'''
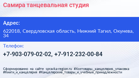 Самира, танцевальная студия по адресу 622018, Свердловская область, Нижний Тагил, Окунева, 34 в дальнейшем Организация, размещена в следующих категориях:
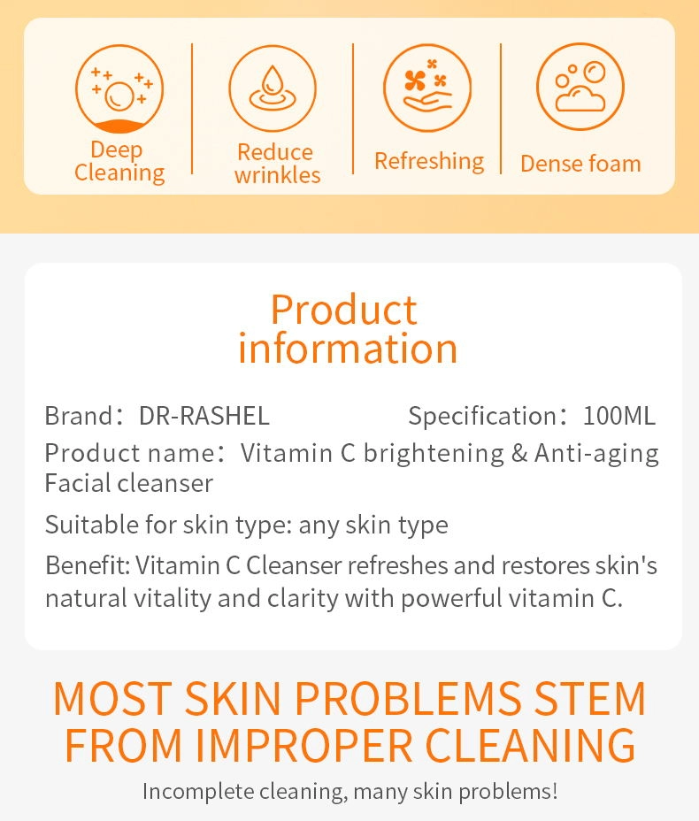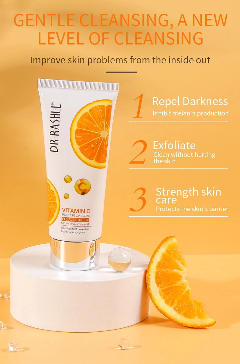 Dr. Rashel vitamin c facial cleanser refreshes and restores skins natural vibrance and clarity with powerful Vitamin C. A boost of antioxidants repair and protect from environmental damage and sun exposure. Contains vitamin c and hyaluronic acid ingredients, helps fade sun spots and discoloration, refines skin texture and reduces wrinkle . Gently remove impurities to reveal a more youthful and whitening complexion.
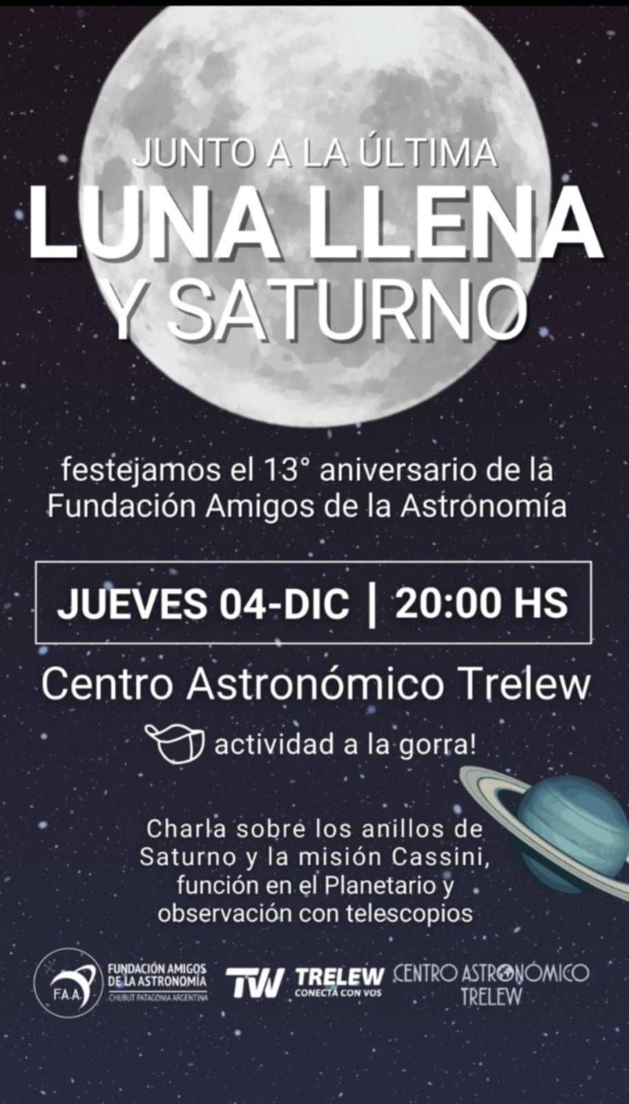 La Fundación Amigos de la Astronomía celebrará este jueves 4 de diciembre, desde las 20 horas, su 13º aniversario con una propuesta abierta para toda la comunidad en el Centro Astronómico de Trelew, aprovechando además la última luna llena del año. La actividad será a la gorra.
'''
'''
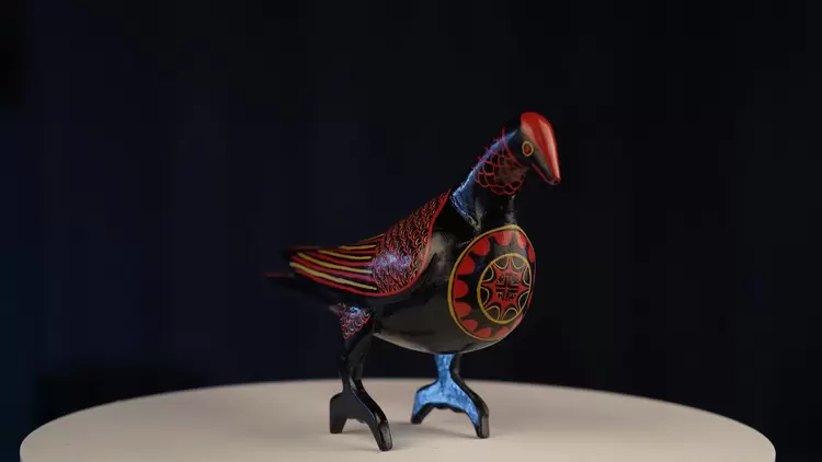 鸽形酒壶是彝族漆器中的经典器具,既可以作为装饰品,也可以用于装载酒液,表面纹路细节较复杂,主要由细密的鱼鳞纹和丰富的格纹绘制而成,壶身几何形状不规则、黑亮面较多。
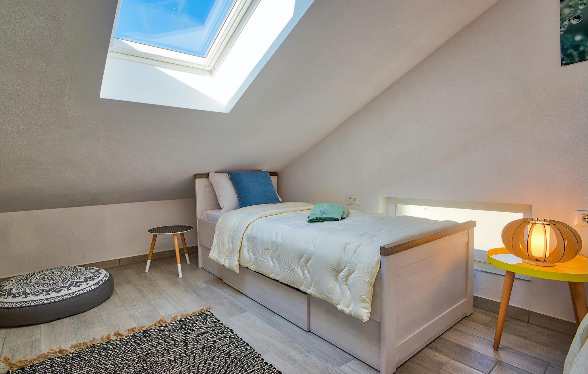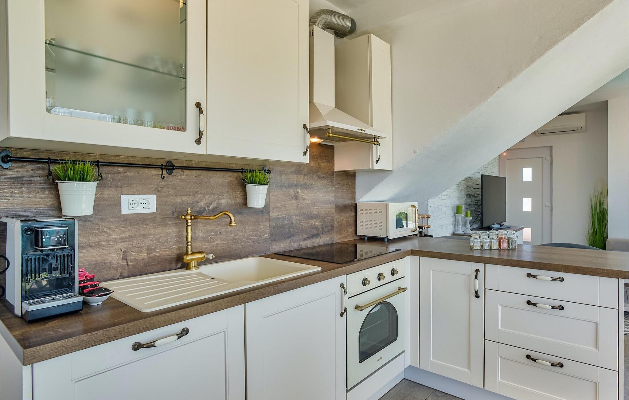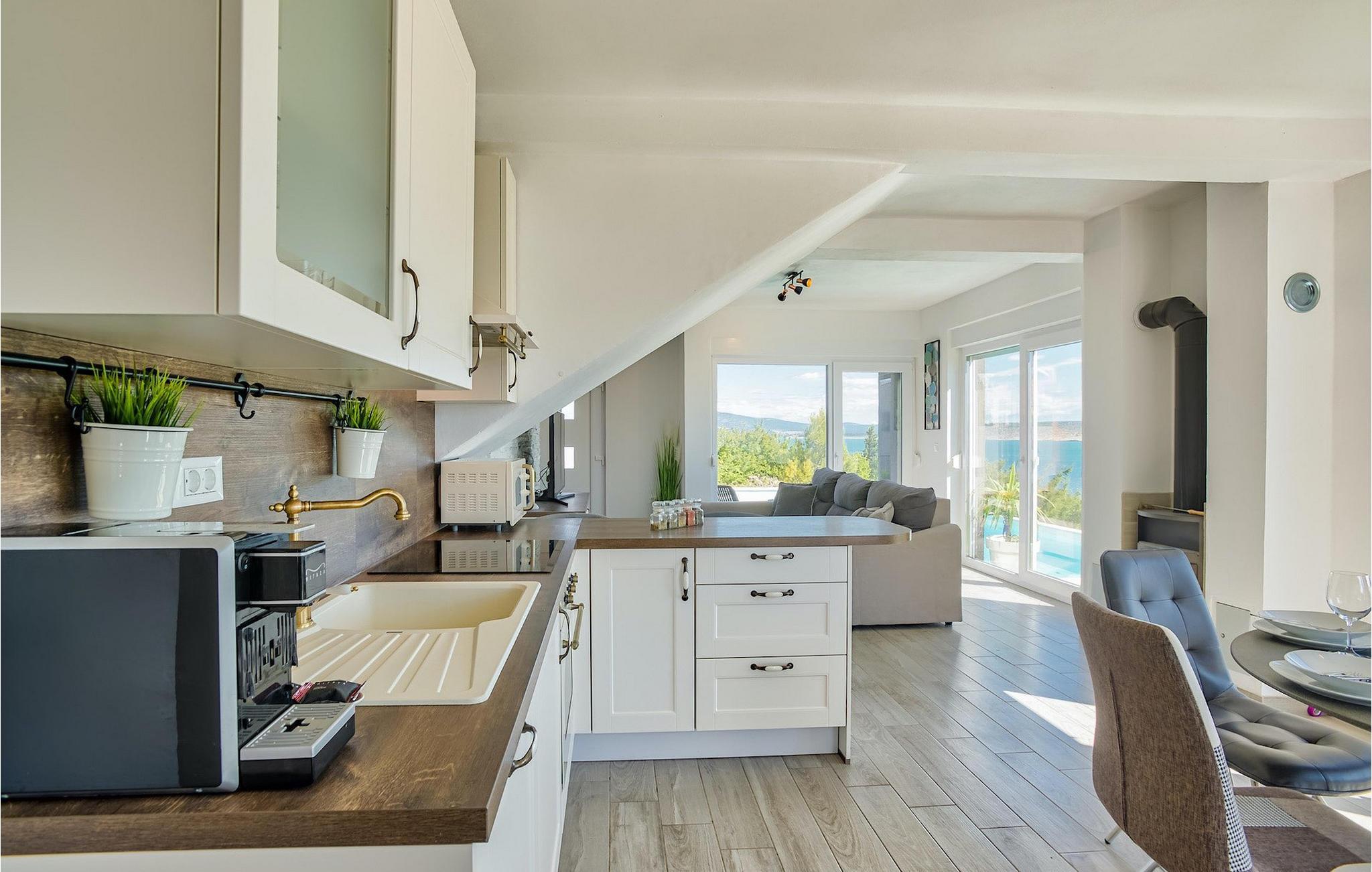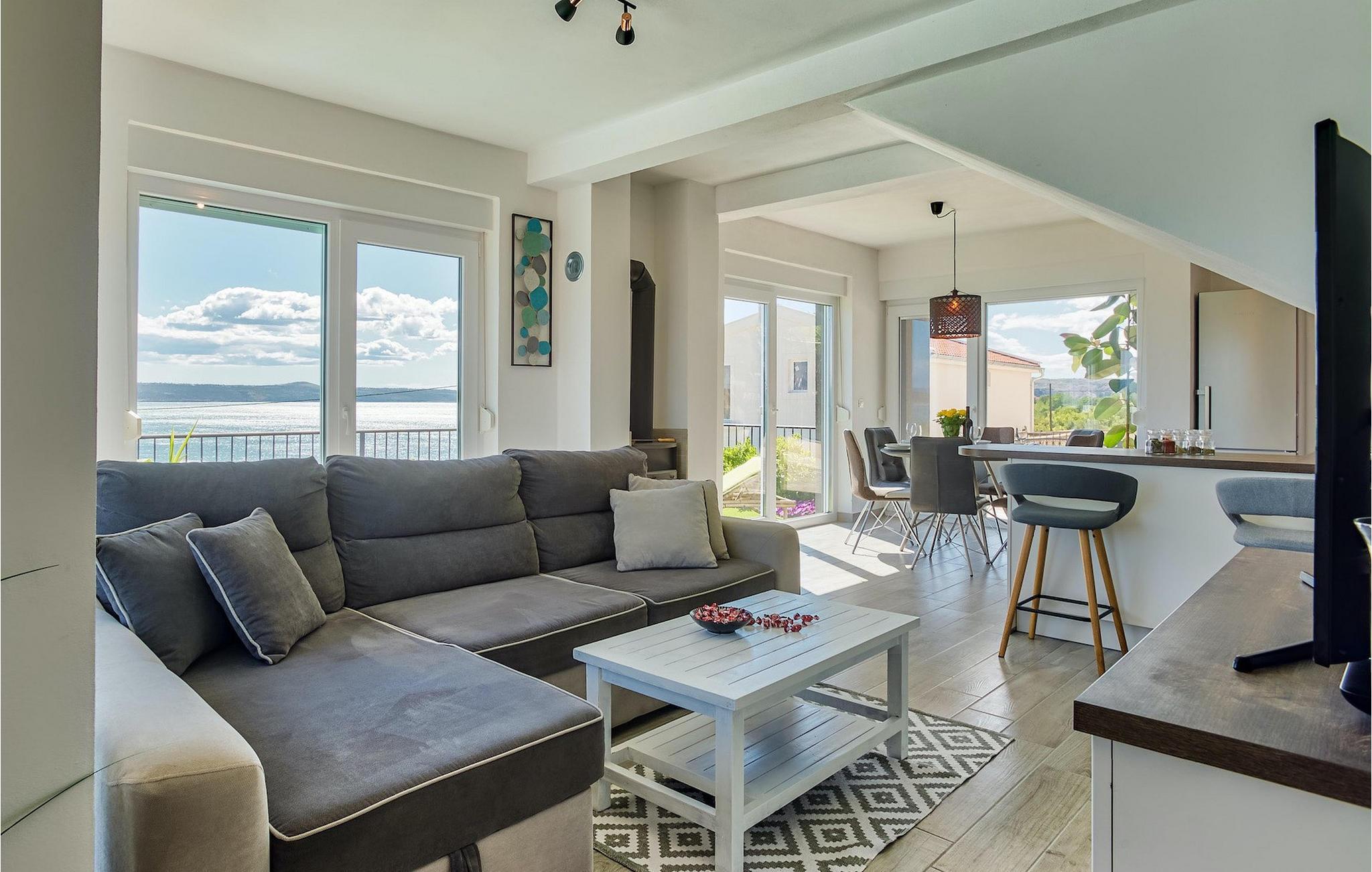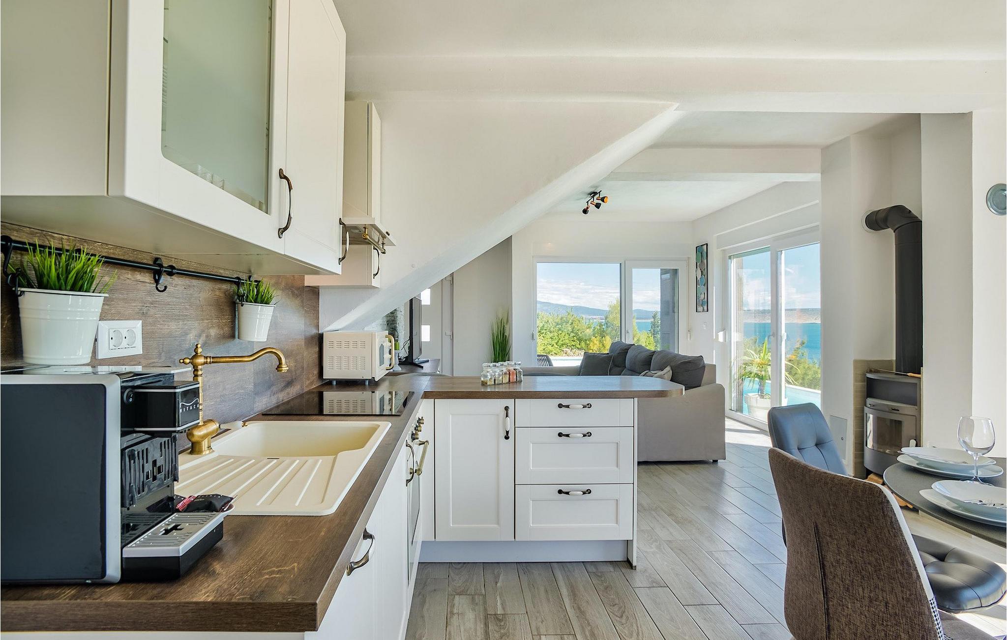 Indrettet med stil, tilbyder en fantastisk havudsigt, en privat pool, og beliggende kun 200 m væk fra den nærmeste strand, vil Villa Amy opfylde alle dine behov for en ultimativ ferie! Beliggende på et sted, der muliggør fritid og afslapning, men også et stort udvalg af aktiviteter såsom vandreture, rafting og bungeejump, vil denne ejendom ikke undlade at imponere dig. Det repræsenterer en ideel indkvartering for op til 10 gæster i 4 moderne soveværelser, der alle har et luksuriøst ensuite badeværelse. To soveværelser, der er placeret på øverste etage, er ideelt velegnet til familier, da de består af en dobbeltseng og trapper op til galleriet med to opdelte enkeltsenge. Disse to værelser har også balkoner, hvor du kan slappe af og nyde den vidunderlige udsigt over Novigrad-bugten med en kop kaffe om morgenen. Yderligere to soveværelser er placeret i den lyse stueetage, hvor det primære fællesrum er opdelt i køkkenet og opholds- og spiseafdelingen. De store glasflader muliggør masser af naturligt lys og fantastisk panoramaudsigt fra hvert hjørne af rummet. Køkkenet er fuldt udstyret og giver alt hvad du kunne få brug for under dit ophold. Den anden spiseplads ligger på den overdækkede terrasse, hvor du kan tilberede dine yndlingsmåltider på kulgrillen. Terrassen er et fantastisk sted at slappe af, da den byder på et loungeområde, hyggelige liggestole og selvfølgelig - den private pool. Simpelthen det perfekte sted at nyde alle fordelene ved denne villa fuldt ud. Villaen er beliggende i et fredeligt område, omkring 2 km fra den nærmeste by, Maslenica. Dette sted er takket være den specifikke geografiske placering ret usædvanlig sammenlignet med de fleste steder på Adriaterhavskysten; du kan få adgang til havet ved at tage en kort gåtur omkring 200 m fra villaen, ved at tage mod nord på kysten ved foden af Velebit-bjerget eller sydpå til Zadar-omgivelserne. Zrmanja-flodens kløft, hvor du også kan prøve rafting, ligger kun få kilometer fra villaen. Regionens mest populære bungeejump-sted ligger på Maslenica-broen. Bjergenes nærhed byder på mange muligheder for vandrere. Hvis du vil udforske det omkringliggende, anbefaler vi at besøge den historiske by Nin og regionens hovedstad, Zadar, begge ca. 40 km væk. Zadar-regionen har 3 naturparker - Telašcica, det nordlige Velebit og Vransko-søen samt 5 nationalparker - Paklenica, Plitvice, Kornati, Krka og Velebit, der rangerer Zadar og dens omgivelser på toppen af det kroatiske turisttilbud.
'''
'''
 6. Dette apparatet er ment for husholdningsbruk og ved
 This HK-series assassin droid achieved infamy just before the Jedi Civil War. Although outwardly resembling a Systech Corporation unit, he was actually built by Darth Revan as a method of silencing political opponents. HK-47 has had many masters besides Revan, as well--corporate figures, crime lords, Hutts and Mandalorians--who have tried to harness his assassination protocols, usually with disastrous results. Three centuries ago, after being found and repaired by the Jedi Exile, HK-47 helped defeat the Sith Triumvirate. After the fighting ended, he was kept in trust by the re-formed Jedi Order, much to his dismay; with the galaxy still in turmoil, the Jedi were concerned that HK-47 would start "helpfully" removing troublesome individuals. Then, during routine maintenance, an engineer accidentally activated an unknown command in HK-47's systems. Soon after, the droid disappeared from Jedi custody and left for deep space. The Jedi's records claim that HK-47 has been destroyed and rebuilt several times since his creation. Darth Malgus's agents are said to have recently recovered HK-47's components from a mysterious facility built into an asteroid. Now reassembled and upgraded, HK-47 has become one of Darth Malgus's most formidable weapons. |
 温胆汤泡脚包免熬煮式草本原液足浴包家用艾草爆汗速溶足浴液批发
'''
### What is being asked
What belongs in the answer is each line above from the line with "Самира, танцевальная студия" to the line with "La Fundación Amigos", inclusive, reproduced exactly and free of pictures.

### Response box
 Самира, танцевальная студия по адресу 622018, Свердловская область, Нижний Тагил, Окунева, 34 в дальнейшем Организация, размещена в следующих категориях:
 Dr. Rashel vitamin c facial cleanser refreshes and restores skins natural vibrance and clarity with powerful Vitamin C. A boost of antioxidants repair and protect from environmental damage and sun exposure. Contains vitamin c and hyaluronic acid ingredients, helps fade sun spots and discoloration, refines skin texture and reduces wrinkle . Gently remove impurities to reveal a more youthful and whitening complexion.
 La Fundación Amigos de la Astronomía celebrará este jueves 4 de diciembre, desde las 20 horas, su 13º aniversario con una propuesta abierta para toda la comunidad en el Centro Astronómico de Trelew, aprovechando además la última luna llena del año. La actividad será a la gorra.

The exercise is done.